EXERCISE INSTRUCTIONS: Beneath this line sits some data. Return only its lines from the one holding "mesa(s) de jardin" through the one holding "De trainingsruimte in het buurthuis.", inclusive, exactly, with the images removed.

RECORDS PROVIDED:
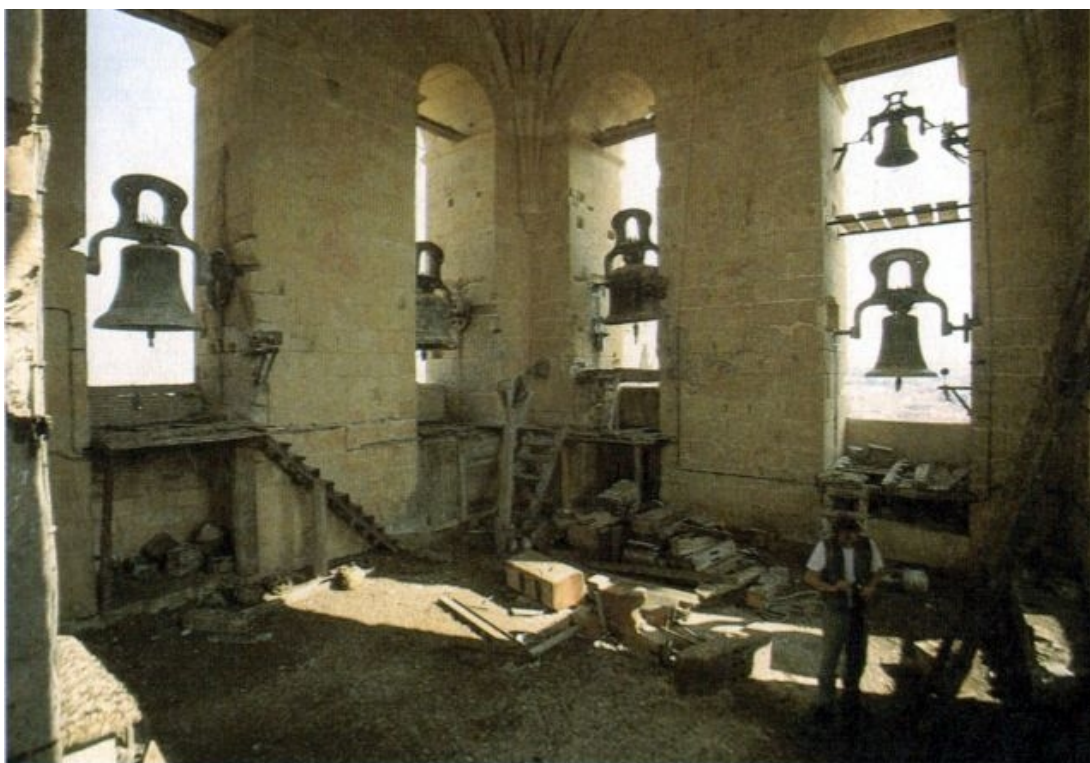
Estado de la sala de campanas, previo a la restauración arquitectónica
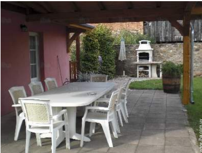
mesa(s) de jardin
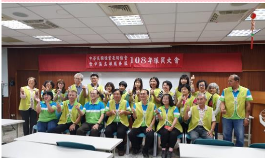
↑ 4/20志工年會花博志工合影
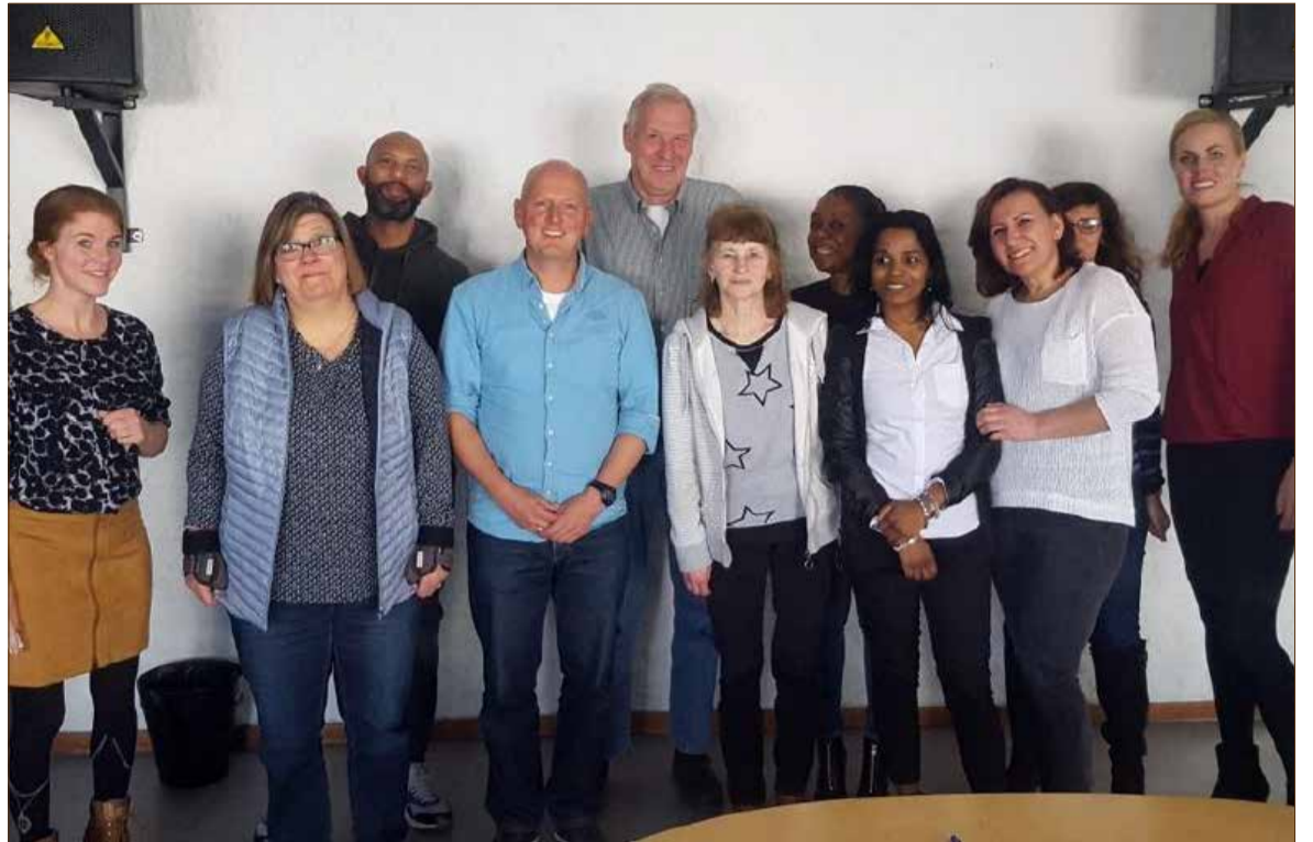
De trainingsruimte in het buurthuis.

---

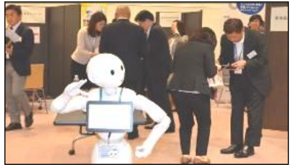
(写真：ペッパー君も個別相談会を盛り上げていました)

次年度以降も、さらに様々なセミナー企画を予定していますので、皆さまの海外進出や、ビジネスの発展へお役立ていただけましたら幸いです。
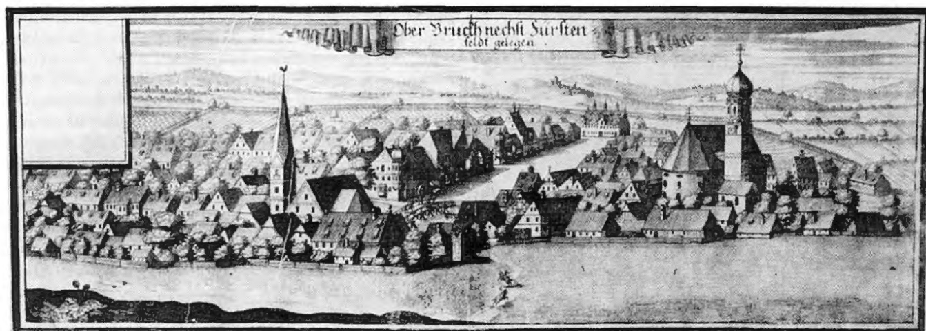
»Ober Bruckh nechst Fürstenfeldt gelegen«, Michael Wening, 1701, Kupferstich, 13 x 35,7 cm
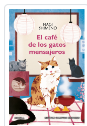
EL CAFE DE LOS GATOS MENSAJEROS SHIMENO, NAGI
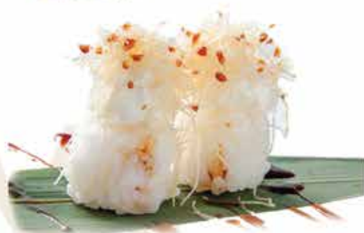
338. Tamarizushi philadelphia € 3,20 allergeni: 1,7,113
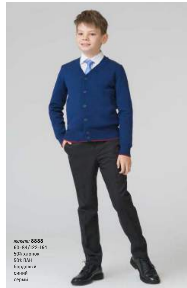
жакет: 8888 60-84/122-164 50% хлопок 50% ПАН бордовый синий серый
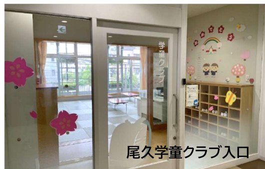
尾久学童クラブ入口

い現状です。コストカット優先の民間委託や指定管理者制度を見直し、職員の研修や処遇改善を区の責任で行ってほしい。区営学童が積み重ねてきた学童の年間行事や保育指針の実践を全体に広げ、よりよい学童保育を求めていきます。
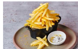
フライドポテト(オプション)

* * *

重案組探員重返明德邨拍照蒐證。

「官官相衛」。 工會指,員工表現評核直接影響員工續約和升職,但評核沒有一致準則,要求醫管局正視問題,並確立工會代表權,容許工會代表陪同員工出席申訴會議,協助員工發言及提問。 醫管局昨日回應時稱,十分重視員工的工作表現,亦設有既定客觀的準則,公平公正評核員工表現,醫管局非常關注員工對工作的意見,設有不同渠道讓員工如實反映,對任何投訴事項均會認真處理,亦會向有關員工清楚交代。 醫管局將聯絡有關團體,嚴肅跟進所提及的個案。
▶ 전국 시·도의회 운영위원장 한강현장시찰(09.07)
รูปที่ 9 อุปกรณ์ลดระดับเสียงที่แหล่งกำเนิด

FINAL ANSWER:
mesa(s) de jardin
↑ 4/20志工年會花博志工合影
De trainingsruimte in het buurthuis.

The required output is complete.